Step 3 To display the configuration of a resource partition, note the interface and partition numbers and enter the following command:

mgx8850a.10.AXSM.a > dsppart <ifNum> <partId>

Replace ifnum with the interface number of the port, and replace partitionID with the partition number assigned to the port. The following example shows the report provided by the dsppart command.

pop20one.10.AXSM.a > dsppart 1 1
  Interface Number               : 1
  Partition Id                   : 1        Number of SPVC: 0
  Controller Id                  : 2        Number of SPVP: 0
  egr Guaranteed bw(.0001percent): 1000000  Number of SVC : 2
  egr Maximum bw(.0001percent)   : 1000000
  ing Guaranteed bw(.0001percent): 1000000
  ing Maximum bw(.0001percent)   : 1000000
  min vpi                        : 0
  max vpi                        : 4095
  min vci                        : 32
  max vci                        : 65535
  guaranteed connections         : 10000
  maximum connections            : 10000


Note Partition ID 1 is reserved for PNNI.



Changing a Resource Partition Configuration

To change the configuration of a resource partition, use the following procedure.

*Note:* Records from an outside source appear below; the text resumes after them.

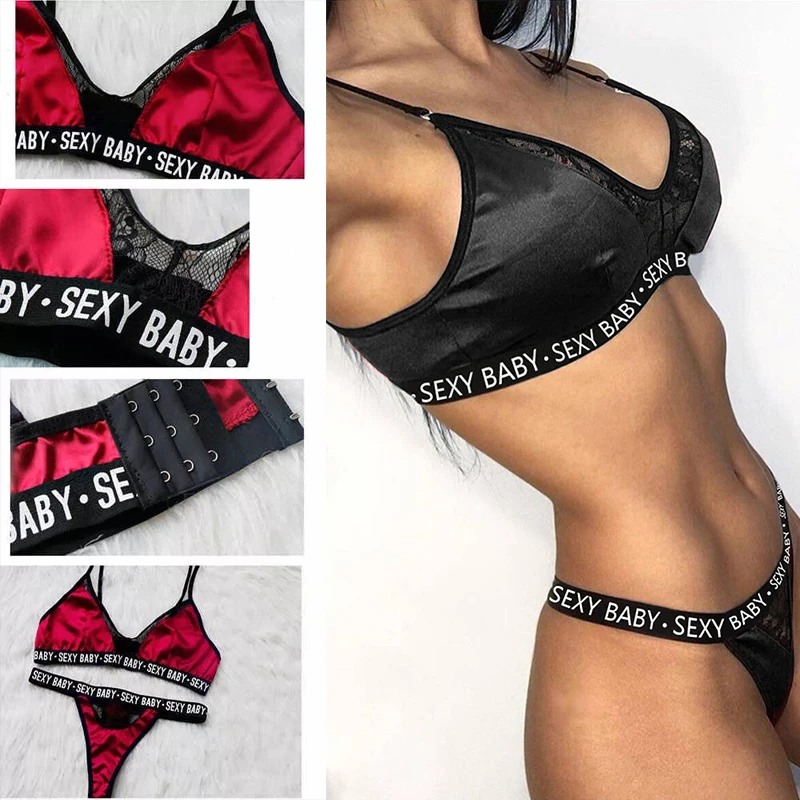 Сексуальное нижнее белье с надписью, кружевной женский купальник би...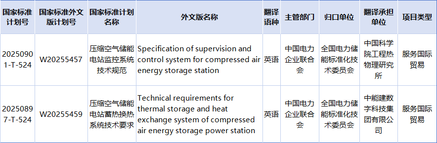 本批推薦性國家標(biāo)準(zhǔn)同步下達(dá)標(biāo)準(zhǔn)外文版計(jì)劃共計(jì)33項(xiàng),全部為英語。以上兩個(gè)壓縮空氣儲(chǔ)能相關(guān)標(biāo)準(zhǔn)均在其中。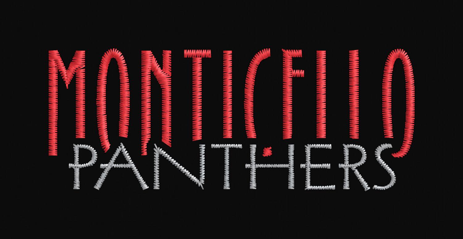 Customer: Monticello Sports Design: 196 Description: Monticello Panther Overlapping Text For Product Colors: Options (locations): Embellishment Type: 2

Step 1 Establish a configuration session using a user name with GROUP1 privileges or higher.

Step 2 To display a list showing the partitions for this card, enter the dspparts command.


Note You can change a resource partition only when the partition is not in use.


Step 3 To create a resource partition, enter the following command:

mgx8850a.10.AXSM.a > cnfpart -if <ifNum> -id <partId> -emin <egrminbw> -emax <egrmaxbw> 
-imin <ingminbw> -imax <ingmaxbw> -vpmin <minVpi> -vpmax <maxVpi> -vcmin <minVci> -vcmax 
<maxVci> -mincon <minConns> -maxcon <maxConns> 

Table 7-19 describes the parameters for this command.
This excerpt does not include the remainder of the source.